### REQUIRED ACTION:
Everything in the listing should be transcribed exactly, apart from the pictures.

▼

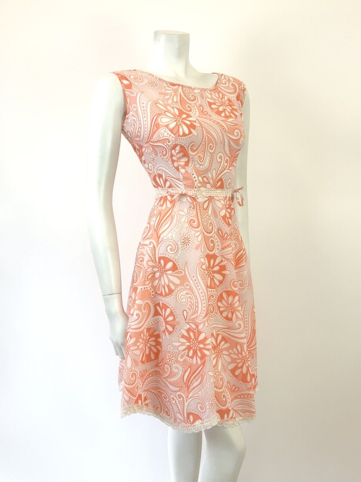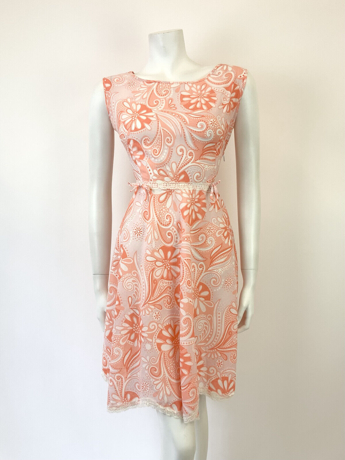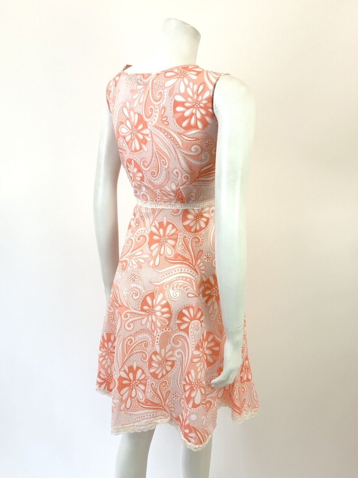 VTG 60s 70s PINK ORANGE WHITE PSYCHEDELIC FLORAL PAISLEY LACE MOD DRESS 10 12
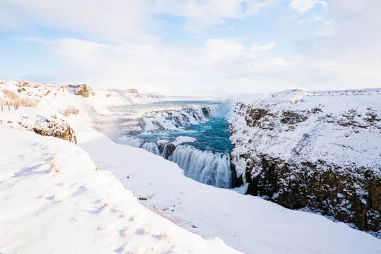 그 다음으로 향하는 곳은 강력한 자연의 힘을 감상하실 수 있는 굴포스(Gullfoss) 폭포입니다. 강력하고 막대한 양의 물줄기 바로 옆까지 다가갈 수 있는 산책로가 있어서 가보실 수 있습니다. 거대한 폭포수가 쏟아지는 폭포 근처에서는 물방울 미스트가 얼굴에 닿는 시원함을 직접 느끼실 수 있습니다!
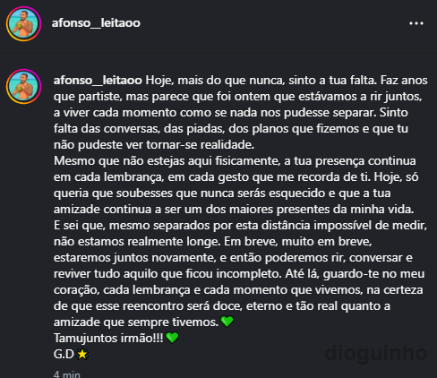 No texto emotivo, Afonso lamentou tudo aquilo que ficou por viver, destacando a ausência das pequenas coisas que construíam a amizade, “Sinto falta das conversas, das piadas, dos planos que fizemos e que tu não pudeste ver tornar-se realidade”, desabafou.
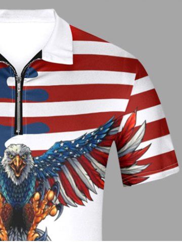 Plus Size Patriotic American Flag Eagle Print Zipper Polo Shirt For Men - White - Xs
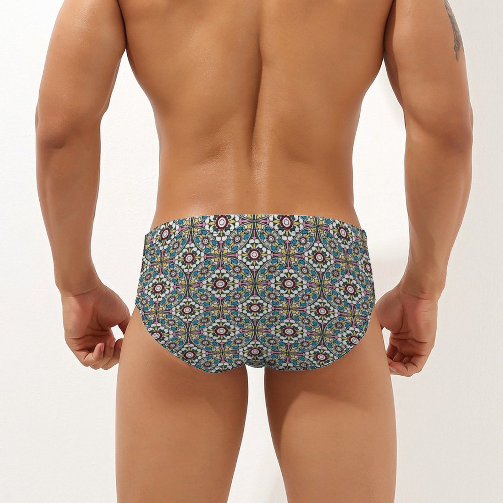 Men swim briefs chinese traditional style flower floral underwear for sports swim breathable soft athletic swimwear summer

▲

### ANSWER TO THIS EXERCISE:
 VTG 60s 70s PINK ORANGE WHITE PSYCHEDELIC FLORAL PAISLEY LACE MOD DRESS 10 12
 그 다음으로 향하는 곳은 강력한 자연의 힘을 감상하실 수 있는 굴포스(Gullfoss) 폭포입니다. 강력하고 막대한 양의 물줄기 바로 옆까지 다가갈 수 있는 산책로가 있어서 가보실 수 있습니다. 거대한 폭포수가 쏟아지는 폭포 근처에서는 물방울 미스트가 얼굴에 닿는 시원함을 직접 느끼실 수 있습니다!
 No texto emotivo, Afonso lamentou tudo aquilo que ficou por viver, destacando a ausência das pequenas coisas que construíam a amizade, “Sinto falta das conversas, das piadas, dos planos que fizemos e que tu não pudeste ver tornar-se realidade”, desabafou.
 Plus Size Patriotic American Flag Eagle Print Zipper Polo Shirt For Men - White - Xs
 Men swim briefs chinese traditional style flower floral underwear for sports swim breathable soft athletic swimwear summer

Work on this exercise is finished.